If robbie dupree is the same poster as the ‘80s rock/pop singer, I found my 45 copy of “Brooklyn s” complete with picture sleeve on my recent trip. Haven’t read him on CT in over a year. Tell him to resurface as his posts are long overdue.

BTW, I also recall Dr. Catapano’s shingle from the area.

PKoch
PKoch on September 4, 2007 at 2:45 pm

Thanks, Warren, for not giving me the Earl Theater’s # here. ElaineW posted the link anyway. Thanks, ElaineW.

The expression “City Line” is an older one, refers to the Brooklyn-Queens border, and dates from before the incorporation of NYC’s five boroughs in 1898, when Brooklyn was a city in its own right.

Hi, ElaineW. There was, and indeed there still is, a Jahn’s on Hillside Avenue just north of Myrtle Avenue in Richmond Hill, Queens. Yes, the Valencia in Jamaica was very impressive. I don’t ever remember being there myself, but have heard about it from my father and from a friend at work.

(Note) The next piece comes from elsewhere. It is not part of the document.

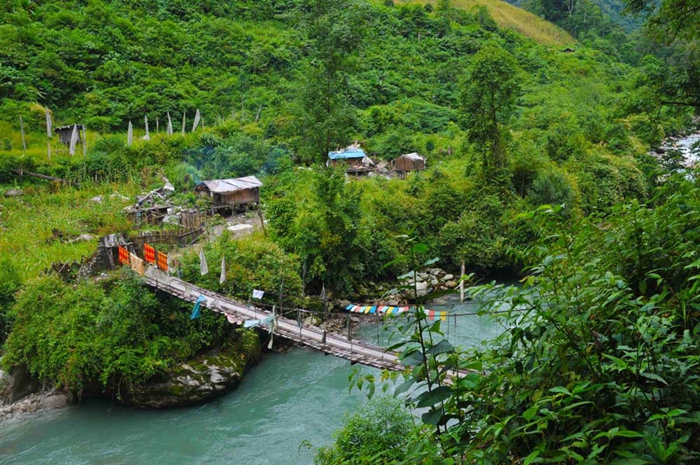 繼續(xù)前行,從大峽谷中的派鎮(zhèn)出發(fā),沿途經過松林口、多雄拉山口、拉格、汗密、老虎嘴、阿尼橋、背崩等地,到達墨脫縣城。

I wish “Karl B” was here to discuss the Arlington Branch of the Brooklyn Public Library with you.

Thanks for your Dr. Catapano story. I’m glad your appendicitis got treated properly. In what hospital was your appendix removed ? The younger of my two uncles almost died from a misdiagnosed inflamed appendix. Fortunately, after it had burst, he was hospitalized quickly enough to save his life and get the sepsis out of his abdominal cavity.

The theater I think of as “the itch” (actually my dad) is the former Decatur Theater in the Bushwick section of Brooklyn.